Items from a data source.
• • • • • • •
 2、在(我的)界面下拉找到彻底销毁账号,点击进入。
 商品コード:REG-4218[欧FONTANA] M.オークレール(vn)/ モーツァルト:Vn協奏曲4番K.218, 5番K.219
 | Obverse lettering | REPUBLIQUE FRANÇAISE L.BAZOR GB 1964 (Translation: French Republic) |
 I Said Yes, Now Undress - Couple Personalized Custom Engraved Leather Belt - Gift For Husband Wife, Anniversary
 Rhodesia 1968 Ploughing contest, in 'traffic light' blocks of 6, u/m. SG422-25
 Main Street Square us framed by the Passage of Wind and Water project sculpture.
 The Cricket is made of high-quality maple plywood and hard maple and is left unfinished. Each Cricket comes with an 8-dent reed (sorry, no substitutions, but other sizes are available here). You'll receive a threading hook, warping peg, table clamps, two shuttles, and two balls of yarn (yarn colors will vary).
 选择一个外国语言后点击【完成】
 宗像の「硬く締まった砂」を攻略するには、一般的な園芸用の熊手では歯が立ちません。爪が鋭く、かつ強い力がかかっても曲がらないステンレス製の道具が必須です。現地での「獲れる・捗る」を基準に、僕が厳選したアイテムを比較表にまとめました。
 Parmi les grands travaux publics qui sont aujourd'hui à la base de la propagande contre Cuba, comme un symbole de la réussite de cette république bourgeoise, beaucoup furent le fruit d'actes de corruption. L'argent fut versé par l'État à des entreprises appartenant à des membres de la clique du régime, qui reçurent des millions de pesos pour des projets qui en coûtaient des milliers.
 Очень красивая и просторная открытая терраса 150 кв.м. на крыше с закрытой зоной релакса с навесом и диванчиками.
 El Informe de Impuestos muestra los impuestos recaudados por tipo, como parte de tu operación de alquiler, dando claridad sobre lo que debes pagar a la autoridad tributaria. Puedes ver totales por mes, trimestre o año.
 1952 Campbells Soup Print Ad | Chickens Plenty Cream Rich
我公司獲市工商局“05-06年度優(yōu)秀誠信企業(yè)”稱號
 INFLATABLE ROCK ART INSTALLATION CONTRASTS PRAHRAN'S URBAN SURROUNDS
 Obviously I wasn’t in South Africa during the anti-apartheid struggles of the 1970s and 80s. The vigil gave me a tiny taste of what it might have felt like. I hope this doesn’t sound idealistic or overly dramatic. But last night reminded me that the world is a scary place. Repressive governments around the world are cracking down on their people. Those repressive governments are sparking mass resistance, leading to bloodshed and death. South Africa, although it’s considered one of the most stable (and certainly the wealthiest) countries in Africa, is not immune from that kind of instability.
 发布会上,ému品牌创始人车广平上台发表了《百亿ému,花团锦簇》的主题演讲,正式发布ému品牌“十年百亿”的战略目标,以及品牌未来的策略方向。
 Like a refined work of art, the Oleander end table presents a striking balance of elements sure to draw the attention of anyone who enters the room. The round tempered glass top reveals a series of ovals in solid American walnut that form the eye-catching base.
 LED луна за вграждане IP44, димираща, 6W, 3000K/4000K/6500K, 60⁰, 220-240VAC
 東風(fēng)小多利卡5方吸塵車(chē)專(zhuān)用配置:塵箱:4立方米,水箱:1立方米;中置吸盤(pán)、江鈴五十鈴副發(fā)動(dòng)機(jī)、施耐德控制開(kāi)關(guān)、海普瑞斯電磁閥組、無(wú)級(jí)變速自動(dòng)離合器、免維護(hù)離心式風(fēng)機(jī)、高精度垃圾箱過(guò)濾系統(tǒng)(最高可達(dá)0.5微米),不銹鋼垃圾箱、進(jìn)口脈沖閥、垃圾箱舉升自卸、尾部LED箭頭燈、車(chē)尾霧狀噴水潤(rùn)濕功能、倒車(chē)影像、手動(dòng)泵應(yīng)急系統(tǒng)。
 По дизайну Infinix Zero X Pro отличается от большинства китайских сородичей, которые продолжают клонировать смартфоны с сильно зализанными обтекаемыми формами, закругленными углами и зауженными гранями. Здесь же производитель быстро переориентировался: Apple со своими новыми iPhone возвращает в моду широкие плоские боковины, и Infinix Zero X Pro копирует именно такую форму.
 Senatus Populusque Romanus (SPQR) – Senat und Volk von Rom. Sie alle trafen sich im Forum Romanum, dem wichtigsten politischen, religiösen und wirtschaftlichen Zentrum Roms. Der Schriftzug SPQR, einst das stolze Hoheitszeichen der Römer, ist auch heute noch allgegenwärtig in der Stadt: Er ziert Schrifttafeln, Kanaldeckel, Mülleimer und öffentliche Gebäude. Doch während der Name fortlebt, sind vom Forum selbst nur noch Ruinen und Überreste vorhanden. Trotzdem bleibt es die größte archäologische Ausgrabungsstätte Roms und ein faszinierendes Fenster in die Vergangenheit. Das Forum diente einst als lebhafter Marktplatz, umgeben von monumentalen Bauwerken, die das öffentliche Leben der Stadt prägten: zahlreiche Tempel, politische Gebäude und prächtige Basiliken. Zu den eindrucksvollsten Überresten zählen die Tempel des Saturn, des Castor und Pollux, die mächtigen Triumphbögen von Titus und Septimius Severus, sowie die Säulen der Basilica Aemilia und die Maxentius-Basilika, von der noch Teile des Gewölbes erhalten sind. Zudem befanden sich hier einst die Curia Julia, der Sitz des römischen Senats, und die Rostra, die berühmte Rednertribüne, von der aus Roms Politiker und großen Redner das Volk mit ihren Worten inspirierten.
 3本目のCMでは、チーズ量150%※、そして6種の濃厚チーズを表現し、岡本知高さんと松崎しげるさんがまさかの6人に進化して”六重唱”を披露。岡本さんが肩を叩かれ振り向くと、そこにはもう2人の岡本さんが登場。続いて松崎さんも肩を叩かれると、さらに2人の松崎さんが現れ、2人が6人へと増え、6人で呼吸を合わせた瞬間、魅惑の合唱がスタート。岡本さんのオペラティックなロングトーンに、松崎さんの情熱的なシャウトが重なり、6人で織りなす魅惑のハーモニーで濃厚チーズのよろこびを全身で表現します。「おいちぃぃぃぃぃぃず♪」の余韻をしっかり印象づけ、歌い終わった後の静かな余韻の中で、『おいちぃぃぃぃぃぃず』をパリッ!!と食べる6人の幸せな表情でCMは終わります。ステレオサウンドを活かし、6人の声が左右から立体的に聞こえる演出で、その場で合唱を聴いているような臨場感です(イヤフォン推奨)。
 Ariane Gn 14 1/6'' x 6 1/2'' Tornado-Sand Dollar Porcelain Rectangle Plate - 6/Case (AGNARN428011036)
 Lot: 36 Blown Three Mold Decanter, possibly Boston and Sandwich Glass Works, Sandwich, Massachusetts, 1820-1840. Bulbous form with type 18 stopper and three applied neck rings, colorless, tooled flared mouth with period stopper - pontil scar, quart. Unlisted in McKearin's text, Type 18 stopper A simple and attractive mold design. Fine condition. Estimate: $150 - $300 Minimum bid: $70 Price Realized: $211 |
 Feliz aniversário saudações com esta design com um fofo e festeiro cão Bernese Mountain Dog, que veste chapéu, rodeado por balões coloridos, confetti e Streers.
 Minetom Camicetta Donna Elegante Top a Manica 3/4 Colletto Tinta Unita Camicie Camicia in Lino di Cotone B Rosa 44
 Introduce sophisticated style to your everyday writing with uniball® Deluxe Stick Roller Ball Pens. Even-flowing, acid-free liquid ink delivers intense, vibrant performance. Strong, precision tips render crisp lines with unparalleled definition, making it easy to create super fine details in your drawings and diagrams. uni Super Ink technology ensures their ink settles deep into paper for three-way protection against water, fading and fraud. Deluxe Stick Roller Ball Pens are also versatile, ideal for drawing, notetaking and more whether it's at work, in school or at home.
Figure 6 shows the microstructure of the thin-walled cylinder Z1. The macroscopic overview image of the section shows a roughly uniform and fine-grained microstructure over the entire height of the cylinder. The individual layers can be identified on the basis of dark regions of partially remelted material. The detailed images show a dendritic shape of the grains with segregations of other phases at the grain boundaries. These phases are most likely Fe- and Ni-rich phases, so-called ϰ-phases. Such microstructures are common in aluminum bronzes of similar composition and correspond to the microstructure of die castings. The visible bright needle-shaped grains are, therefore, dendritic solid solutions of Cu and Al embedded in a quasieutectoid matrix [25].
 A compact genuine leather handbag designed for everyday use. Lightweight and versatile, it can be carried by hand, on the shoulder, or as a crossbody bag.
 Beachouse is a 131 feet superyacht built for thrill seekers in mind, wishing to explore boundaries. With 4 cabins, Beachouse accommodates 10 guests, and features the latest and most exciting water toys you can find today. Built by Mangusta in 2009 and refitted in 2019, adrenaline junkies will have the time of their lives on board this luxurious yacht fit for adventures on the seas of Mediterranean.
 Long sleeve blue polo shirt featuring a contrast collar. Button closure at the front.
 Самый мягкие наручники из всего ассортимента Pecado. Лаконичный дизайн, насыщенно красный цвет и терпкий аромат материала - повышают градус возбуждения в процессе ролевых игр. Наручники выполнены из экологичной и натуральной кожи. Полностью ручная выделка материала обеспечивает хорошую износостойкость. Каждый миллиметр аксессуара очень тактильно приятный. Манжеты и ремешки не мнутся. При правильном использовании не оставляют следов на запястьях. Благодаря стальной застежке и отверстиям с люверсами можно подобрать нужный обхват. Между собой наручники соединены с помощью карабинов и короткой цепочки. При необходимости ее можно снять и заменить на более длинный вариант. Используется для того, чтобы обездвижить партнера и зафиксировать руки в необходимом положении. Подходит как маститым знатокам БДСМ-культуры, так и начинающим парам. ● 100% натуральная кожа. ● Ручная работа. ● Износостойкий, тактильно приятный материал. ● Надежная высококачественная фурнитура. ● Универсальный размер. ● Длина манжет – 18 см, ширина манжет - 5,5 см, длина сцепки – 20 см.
• • • • • • •
Exercise objective.
Taking the entries above, write out exactly the lines starting with the line containing "Очень красивая и" and going on through the line containing "INFLATABLE ROCK ART", both included, and nothing else.

Task solution.
 Очень красивая и просторная открытая терраса 150 кв.м. на крыше с закрытой зоной релакса с навесом и диванчиками.
 El Informe de Impuestos muestra los impuestos recaudados por tipo, como parte de tu operación de alquiler, dando claridad sobre lo que debes pagar a la autoridad tributaria. Puedes ver totales por mes, trimestre o año.
 1952 Campbells Soup Print Ad | Chickens Plenty Cream Rich
我公司獲市工商局“05-06年度優(yōu)秀誠信企業(yè)”稱號
 INFLATABLE ROCK ART INSTALLATION CONTRASTS PRAHRAN'S URBAN SURROUNDS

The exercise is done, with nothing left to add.